Third Ward Councilor
The Third Ward Council seat is the only contested ward seat without an incumbent running. Both candidates are women: Maggie Joralemon of the YVM slate and Lori Price Abrams of the M20PIA slate. The two women focused on the state of Bloomfield Avenue, which anchors the ward. Price Abrams, having had experience on nonprofit boards, said she would take the opportunity to work with federal state and county officials to bring more aid for the downtown areas. Joralemon, meanwhile, focused on what overdevelopment has wrought on the ward, especially the Western Gateway redevelopment area, which she says still needs improvements, such as a bus shelter for the Valley Road/Bloomfield Avenue intersection and improved crosswalks. She also called for greater enforcement of the speed limit on Bloomfield Avenue.
On the senior center, Joralemon noted the many places for senior activities and said there should be a combined senior/youth center, while Price Abrams said she would set priorities with senior groups for a center and focus more on providing affordable housing for older people and making zoning changes to accommodate such options. Both supported rent control, with Joralemon chastening developers who managed to escape the 20-percent affordable housing standard. She also opined that the township relies too much on the same developers for new projects. Joralemon hoped that Montclair can appeal to the federal, state and county governments for financial assistance during the COVID-19 crisis and that she was willing to “suck up” a local tax increase. Price Abrams said that the crisis could provide an opportunity to create an economically sustainable, less wasteful living pattern, with investments in more recycling, renewable energy through aggregation programs, and electric vehicles for the municipal fleet.
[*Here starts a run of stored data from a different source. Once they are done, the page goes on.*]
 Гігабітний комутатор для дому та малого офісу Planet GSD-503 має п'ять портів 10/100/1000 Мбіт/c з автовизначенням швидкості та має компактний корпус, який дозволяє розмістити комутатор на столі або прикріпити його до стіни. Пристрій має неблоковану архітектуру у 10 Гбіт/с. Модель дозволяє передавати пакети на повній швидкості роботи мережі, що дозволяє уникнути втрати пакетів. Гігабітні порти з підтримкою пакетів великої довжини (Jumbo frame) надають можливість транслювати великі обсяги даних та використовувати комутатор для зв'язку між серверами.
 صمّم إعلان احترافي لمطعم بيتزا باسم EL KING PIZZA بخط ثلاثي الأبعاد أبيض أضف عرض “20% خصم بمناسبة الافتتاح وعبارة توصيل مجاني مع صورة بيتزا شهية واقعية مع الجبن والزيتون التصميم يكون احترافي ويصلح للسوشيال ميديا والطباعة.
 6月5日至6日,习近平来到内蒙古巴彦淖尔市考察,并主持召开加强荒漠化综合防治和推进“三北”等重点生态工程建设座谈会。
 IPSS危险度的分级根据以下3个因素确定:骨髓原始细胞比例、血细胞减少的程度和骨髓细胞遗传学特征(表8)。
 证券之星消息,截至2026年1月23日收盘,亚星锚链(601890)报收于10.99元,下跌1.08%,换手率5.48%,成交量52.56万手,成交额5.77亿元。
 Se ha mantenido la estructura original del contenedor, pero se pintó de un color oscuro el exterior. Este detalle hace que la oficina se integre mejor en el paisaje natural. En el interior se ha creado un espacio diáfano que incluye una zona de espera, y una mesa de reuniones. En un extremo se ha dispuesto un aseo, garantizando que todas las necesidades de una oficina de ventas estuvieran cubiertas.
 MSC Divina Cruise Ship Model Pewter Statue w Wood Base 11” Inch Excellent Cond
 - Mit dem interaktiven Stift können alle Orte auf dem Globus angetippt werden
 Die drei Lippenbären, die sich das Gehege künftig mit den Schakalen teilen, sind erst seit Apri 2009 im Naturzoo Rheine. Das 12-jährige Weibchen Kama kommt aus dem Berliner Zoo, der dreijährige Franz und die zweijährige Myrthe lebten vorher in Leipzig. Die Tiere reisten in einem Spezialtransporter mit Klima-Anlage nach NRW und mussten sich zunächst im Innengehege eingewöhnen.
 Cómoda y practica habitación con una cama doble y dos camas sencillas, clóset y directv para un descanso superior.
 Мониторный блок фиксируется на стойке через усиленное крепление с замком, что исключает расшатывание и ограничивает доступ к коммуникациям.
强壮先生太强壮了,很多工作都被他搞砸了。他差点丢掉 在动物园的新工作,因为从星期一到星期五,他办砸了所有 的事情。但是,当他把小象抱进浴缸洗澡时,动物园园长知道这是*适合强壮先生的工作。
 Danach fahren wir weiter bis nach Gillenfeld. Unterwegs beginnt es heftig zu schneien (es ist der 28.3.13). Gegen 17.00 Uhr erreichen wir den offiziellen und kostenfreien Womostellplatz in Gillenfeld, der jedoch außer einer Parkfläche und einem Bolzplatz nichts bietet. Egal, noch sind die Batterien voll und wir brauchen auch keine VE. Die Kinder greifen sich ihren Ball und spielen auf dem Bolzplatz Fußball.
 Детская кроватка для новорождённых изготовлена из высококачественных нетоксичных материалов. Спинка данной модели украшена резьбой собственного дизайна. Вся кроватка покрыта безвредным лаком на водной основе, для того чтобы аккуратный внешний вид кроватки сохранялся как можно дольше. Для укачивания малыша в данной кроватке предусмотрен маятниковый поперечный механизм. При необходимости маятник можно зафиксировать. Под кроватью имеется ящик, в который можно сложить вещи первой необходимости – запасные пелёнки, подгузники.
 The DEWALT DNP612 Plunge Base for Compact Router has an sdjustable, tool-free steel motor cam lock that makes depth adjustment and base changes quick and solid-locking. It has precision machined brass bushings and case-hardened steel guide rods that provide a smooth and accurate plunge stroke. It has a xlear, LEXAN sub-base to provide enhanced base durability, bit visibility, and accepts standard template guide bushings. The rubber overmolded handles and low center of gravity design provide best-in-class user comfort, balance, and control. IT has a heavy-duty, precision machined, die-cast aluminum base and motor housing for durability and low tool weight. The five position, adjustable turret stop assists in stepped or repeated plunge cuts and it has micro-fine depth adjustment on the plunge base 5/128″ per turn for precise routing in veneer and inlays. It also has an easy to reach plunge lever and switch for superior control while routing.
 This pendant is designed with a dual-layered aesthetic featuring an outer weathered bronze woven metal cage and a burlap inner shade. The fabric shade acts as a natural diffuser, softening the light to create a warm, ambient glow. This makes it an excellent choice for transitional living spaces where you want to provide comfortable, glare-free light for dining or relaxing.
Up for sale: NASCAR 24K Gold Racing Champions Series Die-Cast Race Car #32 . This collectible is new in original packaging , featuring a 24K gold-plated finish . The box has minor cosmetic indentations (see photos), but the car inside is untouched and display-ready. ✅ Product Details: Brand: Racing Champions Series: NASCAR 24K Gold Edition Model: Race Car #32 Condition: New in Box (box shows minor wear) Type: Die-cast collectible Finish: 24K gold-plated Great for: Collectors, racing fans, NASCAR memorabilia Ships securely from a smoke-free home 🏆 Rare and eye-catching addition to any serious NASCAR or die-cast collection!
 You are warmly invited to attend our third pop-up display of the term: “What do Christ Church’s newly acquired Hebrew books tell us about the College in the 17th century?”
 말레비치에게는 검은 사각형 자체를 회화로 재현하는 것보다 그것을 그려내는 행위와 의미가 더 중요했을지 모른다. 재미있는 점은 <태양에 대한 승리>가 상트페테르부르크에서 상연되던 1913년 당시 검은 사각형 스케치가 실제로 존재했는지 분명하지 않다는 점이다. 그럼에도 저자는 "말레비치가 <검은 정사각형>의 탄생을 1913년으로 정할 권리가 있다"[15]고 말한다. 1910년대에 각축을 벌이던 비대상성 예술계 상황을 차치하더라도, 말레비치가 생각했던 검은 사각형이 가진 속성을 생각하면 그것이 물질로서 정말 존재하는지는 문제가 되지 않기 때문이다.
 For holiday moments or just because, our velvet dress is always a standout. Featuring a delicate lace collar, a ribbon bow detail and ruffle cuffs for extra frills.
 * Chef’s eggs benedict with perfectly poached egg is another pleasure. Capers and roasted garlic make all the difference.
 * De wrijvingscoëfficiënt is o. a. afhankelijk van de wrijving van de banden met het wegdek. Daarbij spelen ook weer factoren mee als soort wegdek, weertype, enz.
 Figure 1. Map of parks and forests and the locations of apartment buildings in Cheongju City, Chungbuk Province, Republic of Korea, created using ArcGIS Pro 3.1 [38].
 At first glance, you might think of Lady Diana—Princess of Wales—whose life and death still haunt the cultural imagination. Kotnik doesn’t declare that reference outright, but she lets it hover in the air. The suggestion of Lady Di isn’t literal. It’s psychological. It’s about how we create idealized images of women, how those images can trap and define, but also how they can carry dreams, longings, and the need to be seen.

The forum concluded with the mayoral candidates making pleas for their own candidacies and respective slates. Dr. Baskerville said there was much work done to preserve the character and the quality of life in Montclair, saying “We can be the place where we want to live,” while Councilor Spiller emphasized the importance of leadership. “We are getting through this together,” he said. “We are community of unlimited potential. I want to be the person to bring us together and lead us into this time and into a brighter tomorrow.”